Les paso una foto, pero no hay mucho que decir (la bateria de arriba es la vieja y la que está puesta es la nueva)...no hay nada hervido a simple vista y lo unico que hice fué quitar una batería - que estaba pegoteada - y poner la nueva y soldar los cables rojo y negro.







Si alguien me puede iluminar sobre que hacer con esto, será agradecido... 
.


----------



## TRILO-BYTE (Feb 1, 2018)

Dr. Zoidberg dijo:


> Bue...este tema va mas o menos con mi problema...
> Tengo una tablet Admiral de 7" que compré para mis hijos hace como tres años. El asunto es que la usaban todo el día y andaba muy bien, y la carga de la batería duraba como una semana .


 
Fíjate que eso me pasó con un celular Samsung fui con mis colegas atravesar el país de lado a lado sacando fotos de los paisajes y obviamente el único cargador del carro estaba peleado se me ocurrió la brillante idea de conéctalo al USB del radio y cargo pero al conectarlo al cargador no lo hizo más

Murió y estoy exactamente igual no se que le pasó no carga la batería está bien y no hace el intento de encender

Supongo que ha de ser una resistencia fusible.




			
				TRILO-BYTE dijo:
			
		

> Fíjate que eso me pasó con un celular Samsung fui con mis colegas atravesar el país de lado a lado sacando fotos de los paisajes y obviamente el único cargador del carro estaba peleado se me ocurrió la brillante idea de conéctalo al USB del radio y cargo pero al conectarlo al cargador no lo hizo más.


 
Otra cosa ya intentaste entrar a modo fábrica?

Las tablets chinas entran en modo bootloader apretando unos botones, varían según el fabricante.

Eso me pasó con una tablet China que no encendía no de casualidad


----------



## teknosrp (Feb 1, 2018)

¿Para la pantalla usan LVDS o es otro tipo de conexión?
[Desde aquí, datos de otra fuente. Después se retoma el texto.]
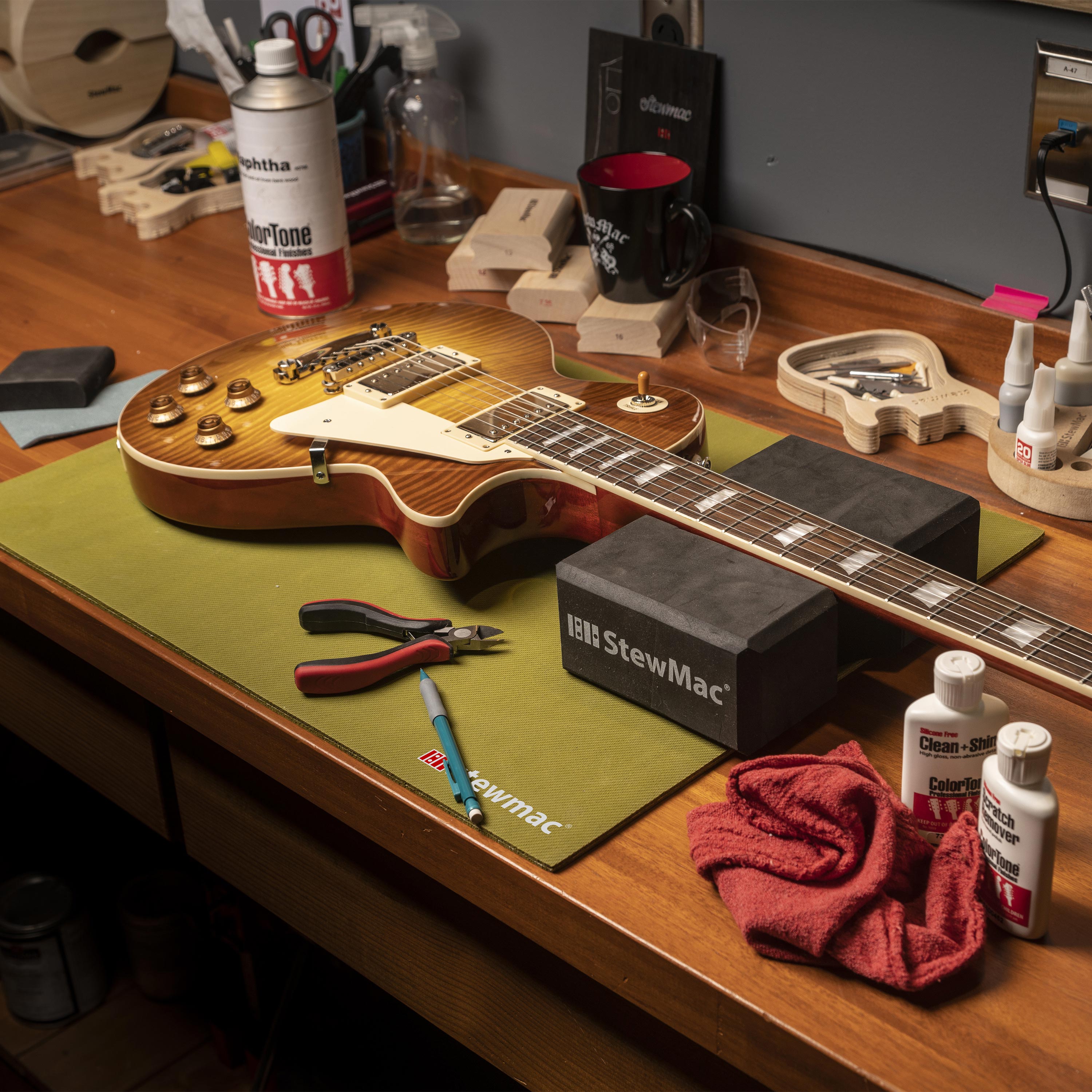 Es algo sencillo, pero un soporte para mástil es una de las herramientas más importantes de su tienda. Es una parte esencial de cualquier cambio de cuerdas, trabajo en la electrónica, limpieza, etc.
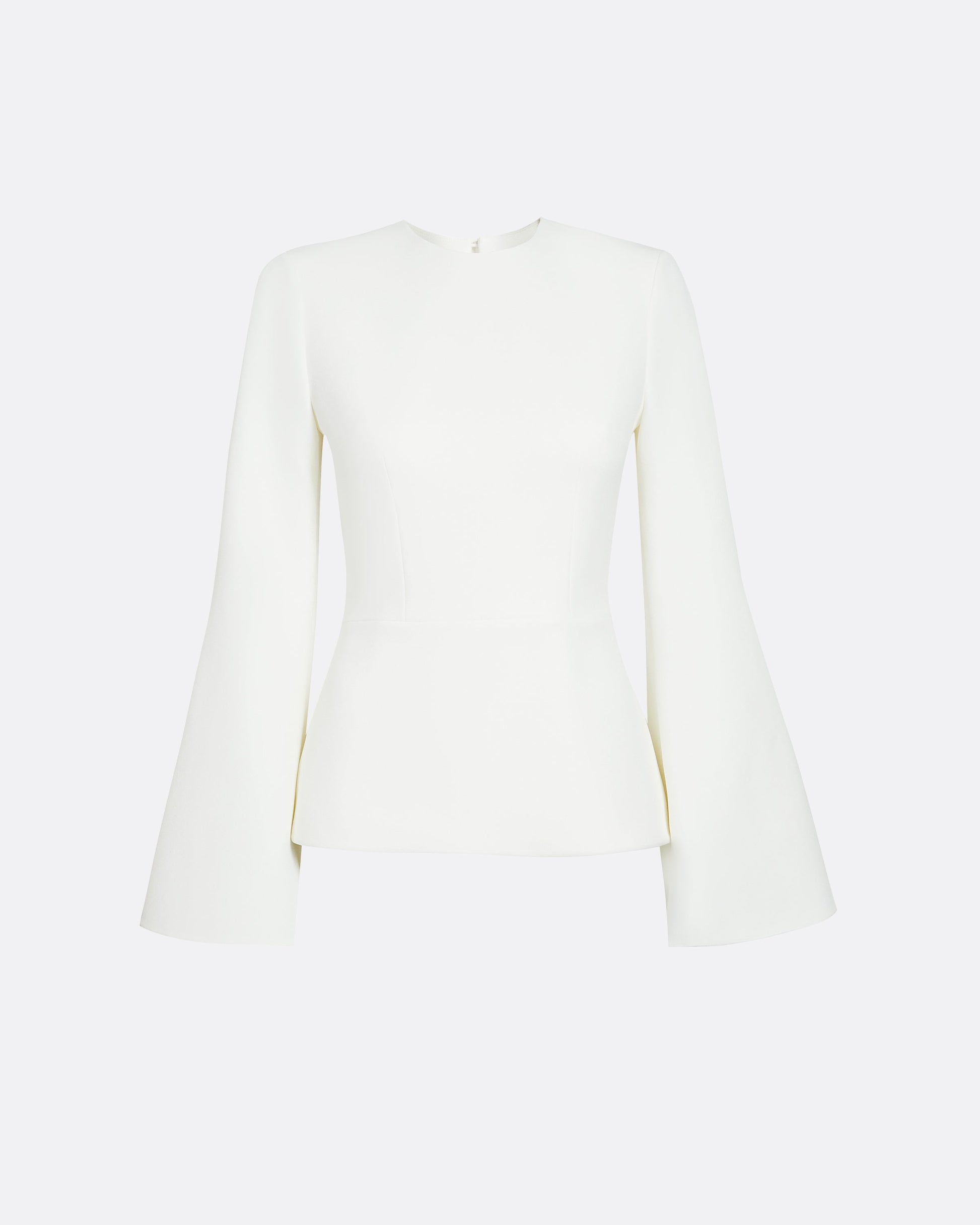 Uncomplicated top with a high round neckline and wide open sleeves in ivory.
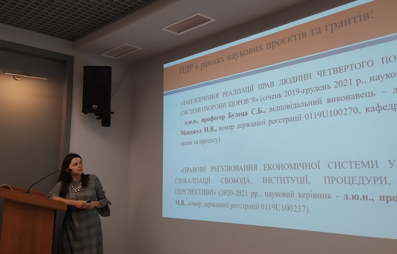 Із доповіддю про наукову роботу юридичного факультету (2021 –2022 рр.) виступила заступник декана з наукової роботи д.ю.н., професорка Марія Менджул. Вона ознайомила із науковими заходами, що проходили на факультеті, реалізованими міжнародними науковими проєктами, студентською науковою роботою та публікаційною активністю науково-педагогічних працівників. Також Марія Менджул представила плани юридичного факультету на 2023 рік, в яких зазначалось про активізацію наукової діяльності студентів, аспірантів та молодих вчених; сприяння науковому стажуванню та обміну досвідом із закордонними партнерами; організацію щонайменше 5 наукових та науково-практичних заходів; взяття участі у конкурсах наукових проєктів.
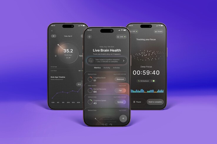 This allows the associated smartphone app to display, among other things, how much brain strain the user is experiencing, how refreshed the brain is in the morning, and when it's a good time for lighter tasks or for intensive mental work. "Brain Age" is designed to show how activities and habits affect cognitive aging. The 12-channel EEG is said to help users achieve an average of 33% more "focus time".
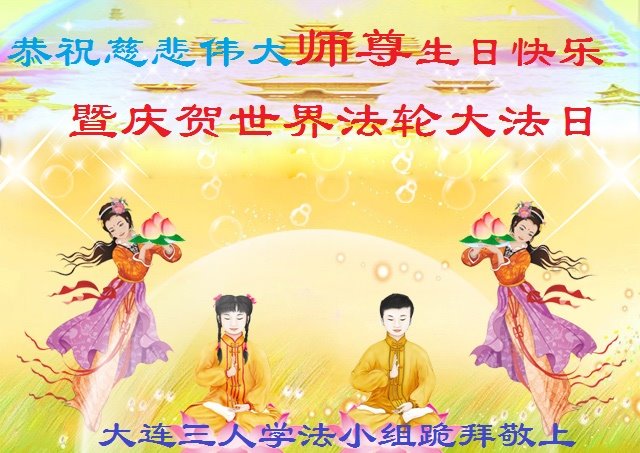 辽宁省大连市三人学法小组大法弟子恭祝慈悲伟大的师尊生日快乐!暨恭贺世界法轮大法日!
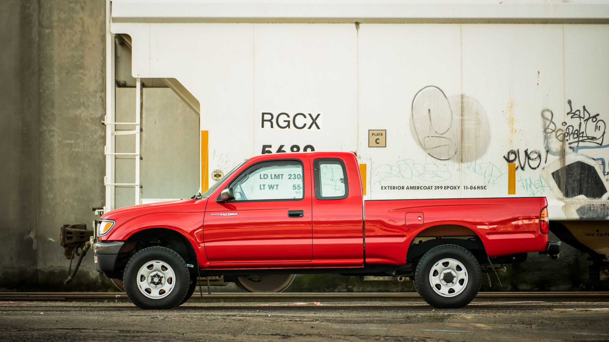 Factory 15″ styled steel wheels are mounted with original Dunlop Grandtrek tires measuring 225/75 and showing 1997 date codes. Braking is handled by front discs and rear drums.
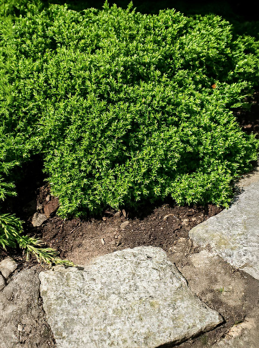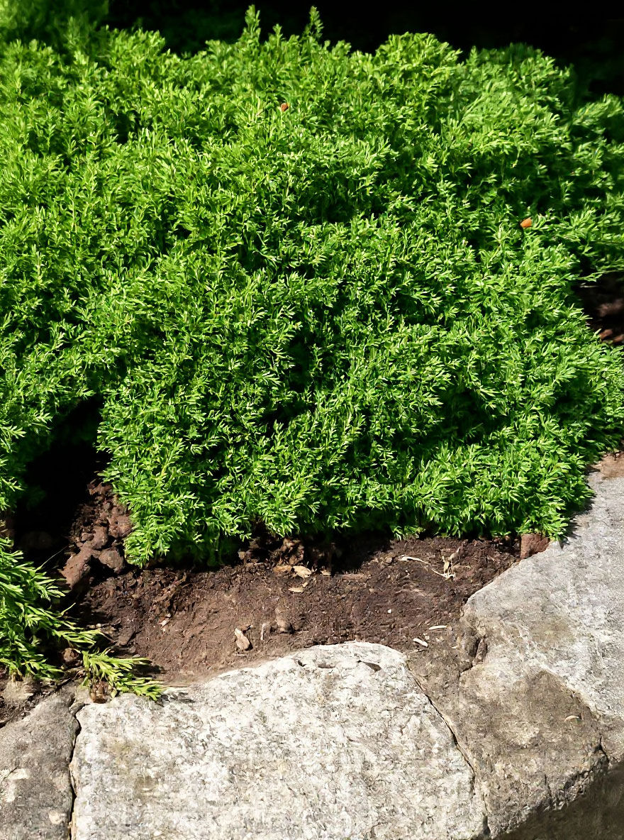 Der grüne Kriech-Wacholder ‘Green Carpet’ macht genau das, was sein Name verspricht. Er bleibt niedrig, breitet sich gleichmäßig aus und bildet einen dichten, ruhigen Teppich. Kein Drama, kein Pflegeaufwand – einfach eine Pflanze, die funktioniert, besonders dort, wo andere aufgeben.
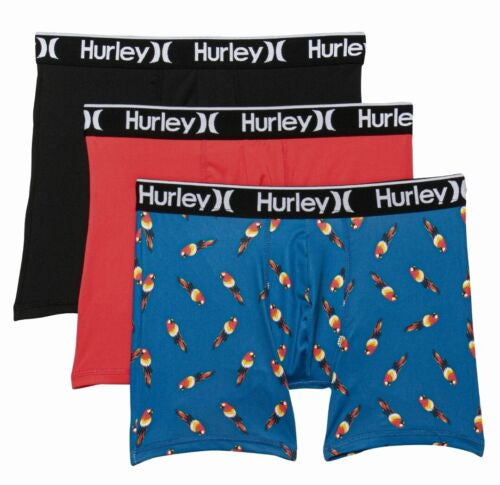 Combo de 3 Boxers Briefs Hurley 🏄🏽♂️ Tela Performance color Negro, azul y rosado Talla S y XL
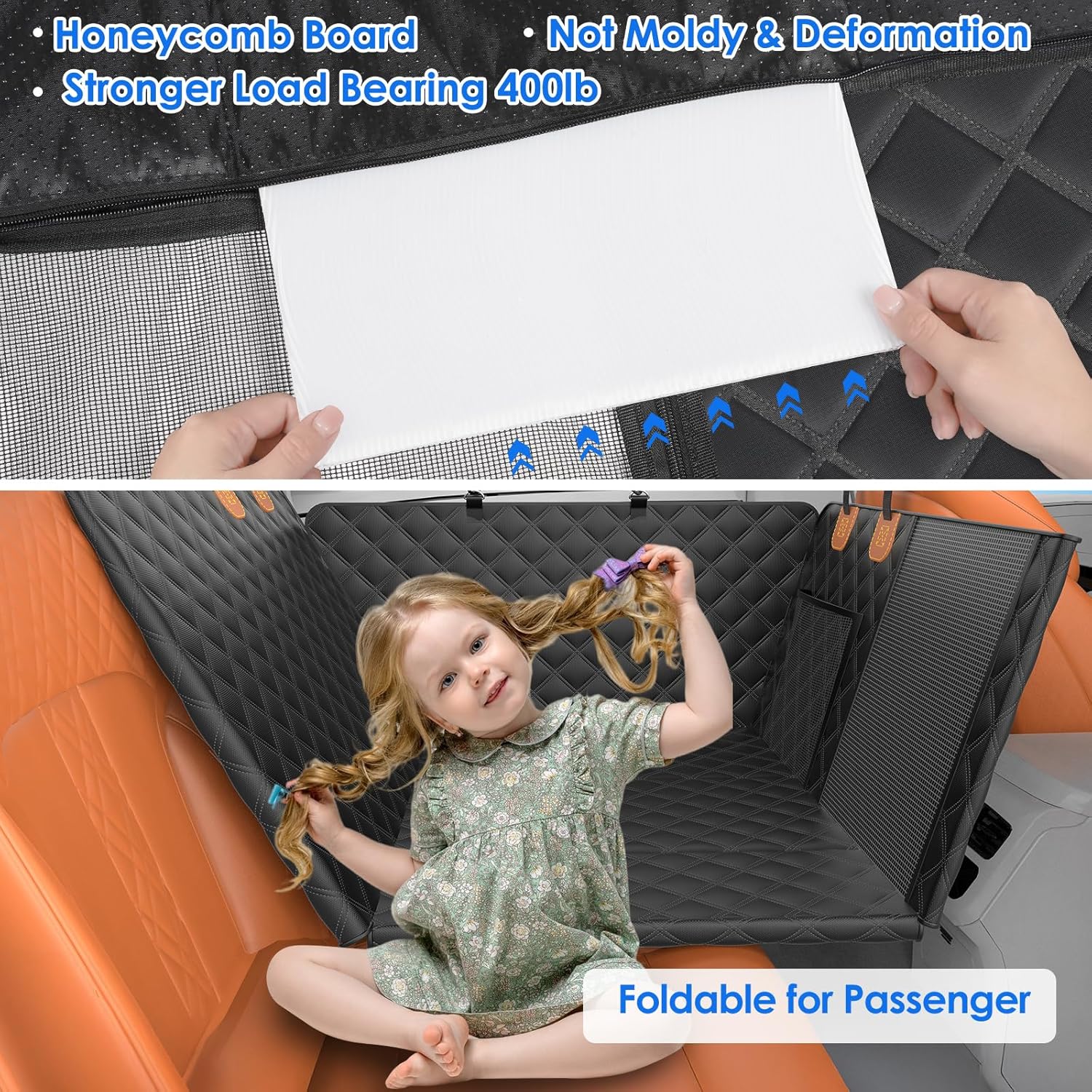 Back Seat Extender for Dogs with Hard Bottom/Large Space, Waterproof Dog Car Seat Cover Holds 400lbs, Sturdy Nonslip Pet Backseat Hammock for Cars/SUV

También tengo una por aquí con la pantalla quebrada


----------



## Dr. Zoidberg (Feb 1, 2018)

TRILO-BYTE dijo:


> Fíjate que eso me pasó con un celular Samsung fui con mis colegas atravesar el país de lado a lado sacando fotos de los paisajes y obviamente el único cargador del carro estaba peleado se me ocurrió la brillante idea de conéctalo al USB del radio y cargo pero al conectarlo al cargador no lo hizo más
> 
> Murió y estoy exactamente igual no se que le pasó no carga la batería está bien y no hace el intento de encender
> 
> ...


Gracias por responder!!
No he encontrado hasta ahora nada que provoque la falta de encendido. Encontré un curso de reparación de tablets en youtube (muy bueno!!!) acá:






y la he desarmado por completo y estoy analizado los pulsadores de encendido (OK), los leds de la pantalla (para mañana) y por el timo el firmware.
Probé de entrar a mode service pero ni siquiera intenta arrancar, así que luego que pruebe la iluminación de la pantalla voy a ver si puedo encontrar el firmware... por que la carga funciona OK...


----------



## TRILO-BYTE (Feb 3, 2018)

teknosrp dijo:


> ¿Para la pantalla usan LVDS o es otro tipo de conexión? También tengo una por aquí con la pantalla quebrada


Aah fíjate que eso pasó hace como 10 años o más con los MP4 chinos se parecían o eran similares las LCD las cambiabas y nada o se veía en espejo o no daba los colores.
Lo mismo para el firmware cambiabas de firmware y nada o se cambian de orden los botones o la pantalla se veía en espejo.

Es cuestión de ir probando


----------



## papirrin (Feb 27, 2018)

Dr. Zoidberg dijo:


> Gracias por responder!!
> No he encontrado hasta ahora nada que provoque la falta de encendido. Encontré un curso de reparación de tablets en youtube (muy bueno!!!) acá:
> 
> [ame]
> ...



supongo que tienes una fuente de laboratorio... conectale la fuente a 4v y ve el consumo de corriente... si no hay consumo el daño puede ser del boton de encendido al administrador de energia... si hay consumo pero se queda fijo puede ser el software.


----------



## Dr. Zoidberg (Feb 27, 2018)

papirrin dijo:


> supongo que tienes una fuente de laboratorio... conectale la fuente a 4v y ve el consumo de corriente... si no hay consumo el daño puede ser del boton de encendido al administrador de energia... si hay consumo pero se queda fijo puede ser el software.


Gracias!
Ya revisé todos los botones y funcionan perfectamente. Estoy convencido que se pinchó el firmware y estoy tratando de conseguir alguno que pueda "remotamente" funcionar, por que por desgracia el microprocesador es un Hynix STblablablabla con 32 millones de números (afuera dice Intel Inside...jajajajajajajajajajajajajajaj) y el chip WiFi no solo no tiene identificación sino que la cara superior es un "espejo" (si...brilla y todo )...y el tema viene complicaaaaadoooooooooooo por que no hay como rastrear el firmware.
También intenté un factory-reset... pero no le da bola a ninguna combinación de botones....hasta ahora...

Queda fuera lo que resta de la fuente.